这时候诊室里还没有人,估计秦司廷下了手术后还在病房里跟病人家属交代些什么事情。季暖松开握在时念歌手腕上的手,将房间内空调温度调低了些,又重新回到床边,陪着坐下。
还没来得及重新探探她额间的温度,诊室的门骤然从外被人推开。
秦司廷手弯搭着白大褂走了进来,抬眸看了眼时念歌,的确与平时不太一样。
男人目光顿了顿,转而看向季暖:“在哪里遇见的她?”
“我工作室晚上有应酬,在绿林酒店楼下的那家娱乐会所喝酒,她在走廊里被两个男人纠缠,我看她好像是状态不太对,就趁机把她带走了。”季暖说着,又看了眼时间:“人交给你,我先走了。”
说罢,放开时念歌的手,拿起手包准备离开。
被松开的时念歌浑身又软又烫,顺着就靠躺在不大的床上,不安而扭捏的轻动。
难受极了,就像是被人按撑在浓稠黏腻的海藻水里,燥热感和空虚感几乎是瞬间淹没了仅存的理智,周围有人在说话,但是已经听不太清了,脑袋嗡嗡作响。
“对了,给她下.药的人好像是姓萧,那个人在海城有些地位,但我对他不算了解,只知道姓氏。”季暖刚走到门前,想起什么,又回过头多了句。

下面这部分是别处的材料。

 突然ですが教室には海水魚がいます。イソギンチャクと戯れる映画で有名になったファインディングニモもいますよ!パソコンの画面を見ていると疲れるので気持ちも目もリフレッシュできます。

矜冷的眸光寒了寒,秦司廷不动声色看了季暖一眼:“谢了,你怎么回去?”
门口的女人毫不在意挥了挥手,“我工作室的伙伴们都还在会所里,我打个车回去就好,你不用管我。”
说完她便痛快的出了门。
秦司廷拿出手机看了眼时间,眉宇微皱。
十点,很晚了。
这么晚的时间让季暖一个女人自己出门打车太不安全。
男人指尖在屏幕上轻滑两下,刚准备拨个电话出去的瞬间,床上斜躺着的时念歌骤然像失了重心般顺着床沿滑跌到地上。
秦司廷:“……”眸色一怵,倏地上前将人抱了起来。
……
女孩身体滚烫,他不确定时念歌到底被下了什么药,只得先重新把人放回床上,转身拿了支听诊器和体温计。
43
将女孩外罩的大衣褪去,手指微动,将罩在里面的针织毛衣扣子解开两颗,露出最里面仅剩一层白色印花衬衫。

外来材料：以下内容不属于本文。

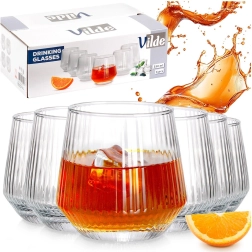 Élégant set de six verres de 350 ml avec une structure côtelée pour une prise en main sûre et un look moderne. Fabriqués en verre épais de haute qualité, idéals pour l’eau, les limonades, les cocktails et le whisky. Les verres sont compatibles lave-vaisselle et conviennent parfaitement à une utilisation quotidienne à la maison comme en restauration.

不知是空调温度被打低了还是衣服被脱了去,泛红肌肤上传来空气的丝丝凉意,让床上的女孩不自觉眯了眯眸子,轻轻扭捏了下身体。
秦司廷波澜不惊的带好听诊器,一只手按住床上女孩躁动不安的双手,另一只手径直隔着一层衬衫布料去探女孩的心跳。
“唔——”手腕上骤然传来的清凉感让女孩手腕扭动反而抓住了男人有力的小臂。
秦司廷:“……”摘下听诊器,骤然松开了禁锢住的双手。却不想女孩却不如意,死死抓着男人骤然松开的精壮小臂不放,甚至朝自己那边拉过去。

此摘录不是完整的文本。